A partir desta delimitação mais ampla a pesquisa foi direcionada para dois grupos de receptores, escolhidos por sua posição de classe (os grupos “popular” e “dominante”), já que a autora acredita que este recorte possibilita o acesso a um “locus privilegiado de significação”. As técnicas de pesquisa foram eminentemente qualitativas, com entrevistas abertas e “observação participante”, tendo sido aplicadas na recepção da novela “Sol de Verão” (1982/83) da Rede Globo, escrita inicialmente por Manoel Carlos e depois da morte do ator Jardel Filho por Lauro Cezar Muniz. Ondina Leal ainda enriquece a pesquisa e o trabalho com uma série de fotografias das casas dos entrevistados, concretizando uma “etnografia dos objetos” que revela as preferências estéticas dos receptores da novela. Aqui é nítida a influência de P. Bourdieu e sua análise do gosto onde os agentes se posicionam conforme o “capital cultural” e acionam “estratégias de legitimação”.
Vemos então a televisão compondo de forma diferenciada a decoração das residências.
Inicialmente temos uma descrição detalhada dos universos popular e dominante, e num segundo momento surgem as “leituras” da novela pelos grupos em oposição.
O aparelho de TV e o hábito de assistir novelas aparecem como parte integrante de uma vivência de grupo para o pólo popular, permitindo o acesso a “saberes legítimos”: “A televisão é o objeto que veicula uma fala moderna e sábia, é a racionalidade dentro do universo doméstico, e a ordem racional, contraditoriamente, é sagrada como mística. (…) O aparelho de TV é ostentado como bonito porque ele é modernidade, e ostenta-se com ele o poder aquisitivo da posse a prestações” (p. 38-39). No outro extremo, o da “alta classe média intelectualizada”, a novela sofre uma perda de legitimação e vai encarada como “alienante”, ou mera “diversão popular”. E também o aparelho vai perder seu caráter mágico cegando a ser banido para as “salas de TV”.
Após ter captado como televisão e telenovela se inserem nos dois domínios, a autora vai esmiuçar o processo de recepção. Como referência isola alguns elementos temáticos da narrativa da novela, e analisa a partir deles o posicionamento dos núcleos familiares. Vão surgindo assim as questões centrais do trabalho, tanto aquelas mais amplas relacionadas com o processo de recepção de um produto cultural, como as visões diferenciadas de aspectos e personagens da novela. A questão central, que atravessa este núcleo do livro, é sem dúvida a tensão, e às vezes sobreposição, entre os planos da ficção e do real.
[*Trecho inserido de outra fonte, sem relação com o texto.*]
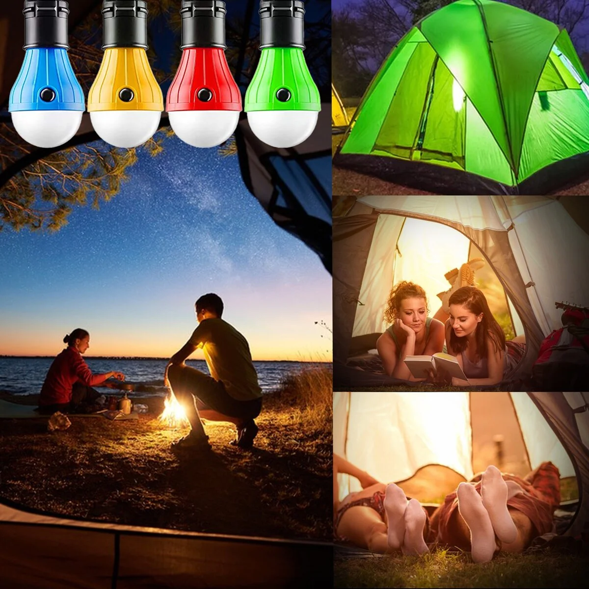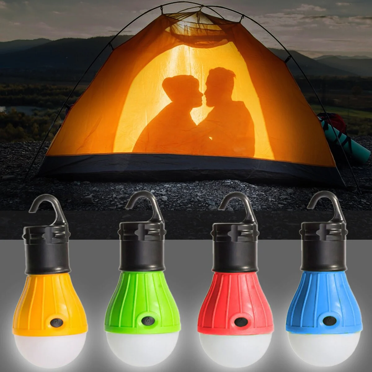 4Pc Outdoor Portable Hanging LED Camping Tent Light Bulb Fishing Lantern Lamp with Hook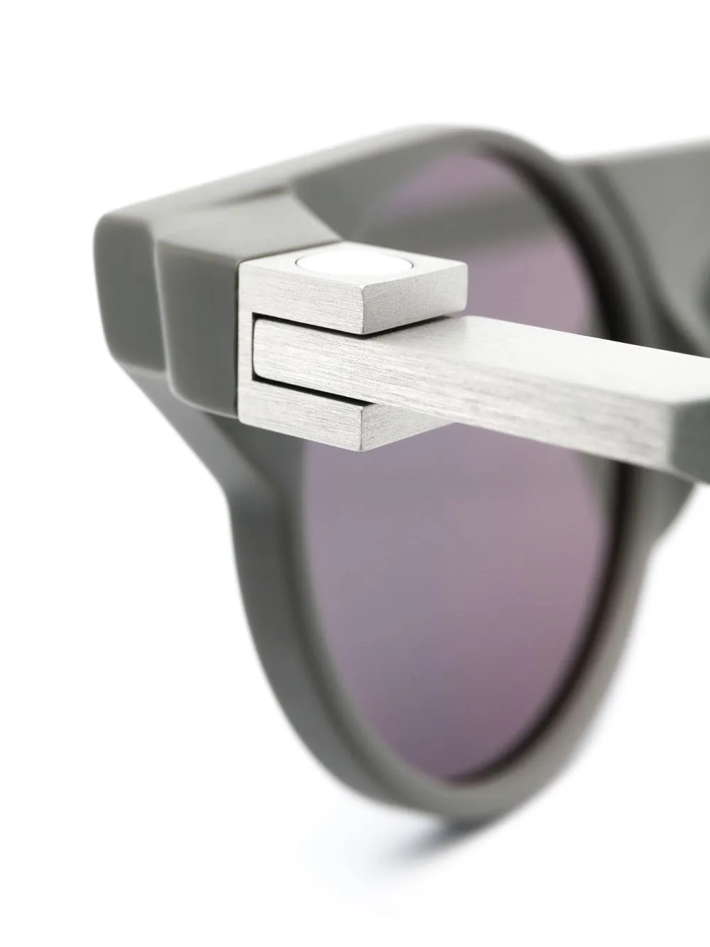 Темно-серый, ацетат, алюминий, оправа «кошачий глаз», затемненные линзы, линзы с защитой от ультрафиолета, защитная пленка, серебристая фурнитура, прямые дужки, дужки с закругленными концами и легкий материал. В комплект входит защитный чехол для очков.

Para a autora o pólo popular mantém um distanciamento menor do universo ficcional, fazendo uma ponte entre o seu cotidiano e o imaginário da ficção seriada. Já os dominantes mantêm-se mais afastados, marcando sempre a irrealidade do ficcional. O texto aprofunda aqui uma tendência já demarcada anteriormente, quando tocou no ritualismo e atmosfera mágica que cerca a recepção nas famílias populares. No entanto, estamos agora num domínio de apreensão mais difícil através de entrevistas e observação, pois trata-se de captar o “encantamento da identificação” ou o “apelo identitário” como coloca a autora.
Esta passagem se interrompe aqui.